L'analyse de ce budget ne fait apparaître ni inflexion ni modification.
En ce qui concerne le programme 205, la première action relative à la sécurité et à la sûreté maritimes renvoie à une préoccupation largement évoquée par les directeurs de port : alors que nous connaissons une situation délicate en termes de compétitivité, le surcroît de précaution et de réglementation que s'assigne la France finit par grever notre compétitivité. L'ambition d'exemplarité est une bonne chose, mais son décalage avec la moyenne des ports européens les favorise à notre détriment. Je rappelle qu'Anvers attire la moitié du trafic de conteneurs destiné à la France. Il y a donc des parts de marché à conquérir.
L'action n° 02 relative aux gens de mer, reçoit une dotation quasi-équivalente à celle de l'année dernière. Je suivrai attentivement les choix ministériels sur la formation. La France compte 300 000 emplois dans les filières maritimes : conforter et renforcer cette position requiert des investissements forts dans le domaine de l'enseignement. Ce budget ne contient pas de ligne directrice sur ce point. Or développer le secteur nécessitera de prendre des décisions. J'ai appris la création, à Marseille, d'un cursus sur la sûreté maritime, en partenariat avec Euromed. Je salue l'initiative qui comble une lacune, car aucun programme ne permettait jusqu'à présent de former en France les « aiguilleurs de la mer ». Mais c'est une initiative locale. Je crois que l'État doit instiller une cohérence nationale entre les différents sites de l'enseignement supérieur maritime et leurs activités.

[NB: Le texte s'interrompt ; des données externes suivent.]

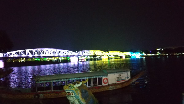フォン川の近くに来ると、チューンティエン橋のライトアップを見ることができました。数秒毎に青や赤、緑などの色に変わり見応えがありました。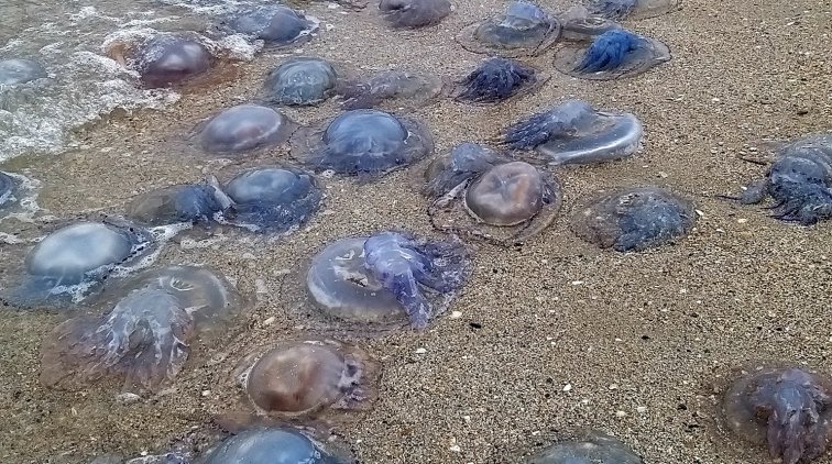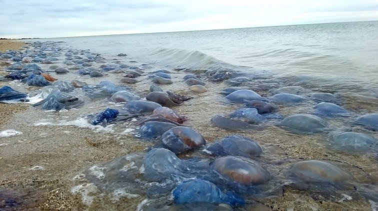 На побережье Черного моря в районе береговой зоны в Национальном природном парке “Тузловские лиманы” экологи зафиксировали массовый выброс медуз–корнеротов.

La flotte de commerce, qui bénéficie de l'action n° 03, porte également un enjeu stratégique de compétitivité. Il faut soutenir le pavillon français. À cet égard, tous auront noté la récente implication du fonds stratégique d'investissement dans la restructuration de l'armateur CMA-CGM basé à Marseille. Il reste beaucoup à faire et beaucoup d'orientations à prendre ; j'espère que le ministre pourra nous en dire plus dans les mois qui viennent.
Les actions nos 04 et 05 sur l'action interministérielle de la mer et sur le soutien au programme représentent des sommes de faible ampleur, de sorte que les pourcentages d'évolution ne sont guère significatifs. Nous sommes dans la continuité.
En ce qui concerne le programme 203, la part réservée au maritime se limite à 58 millions d'euros. Les treize ports qui relèvent de l'État se partagent cette dotation, qui demeure stable depuis 2010. Je suis tout de même frappé de constater que les projets stratégiques français sont dressés pour cinq ans, quand les autorités de Rotterdam s'engagent sur un horizon de trente ans. Une vision européenne – voire plus – sur le rapport de nos ports au commerce international et à la mondialisation ne peut se limiter à cinq ans : c'est un enjeu bien plus fort, qui exige une approche bien plus large. Est-ce que nos ports ont une vocation régionale, nationale, spécialisée ? Nous avons la chance de disposer d'infrastructures en Méditerranée, où le potentiel lié à la croissance asiatique est évident, et sur l'Atlantique, où Le Havre et Dunkerque souffrent de la concurrence d'Anvers et Rotterdam. Il faut construire une vision globale, et le rôle de l'Assemblée nationale est d'interpeller le Gouvernement en ce sens.
Ce budget s'inscrit dans la continuité du passé récent. La réforme portuaire de 2008 a été digérée ; il est temps de former un nouveau projet pour notre compétitivité maritime. Pour ma part, si je déplore l'absence de signes forts dans ce projet de loi de finances, je ne reprocherai pas à l'exécutif de prendre un peu de temps pour arrêter des décisions si lourdes. Je m'abstiendrai donc.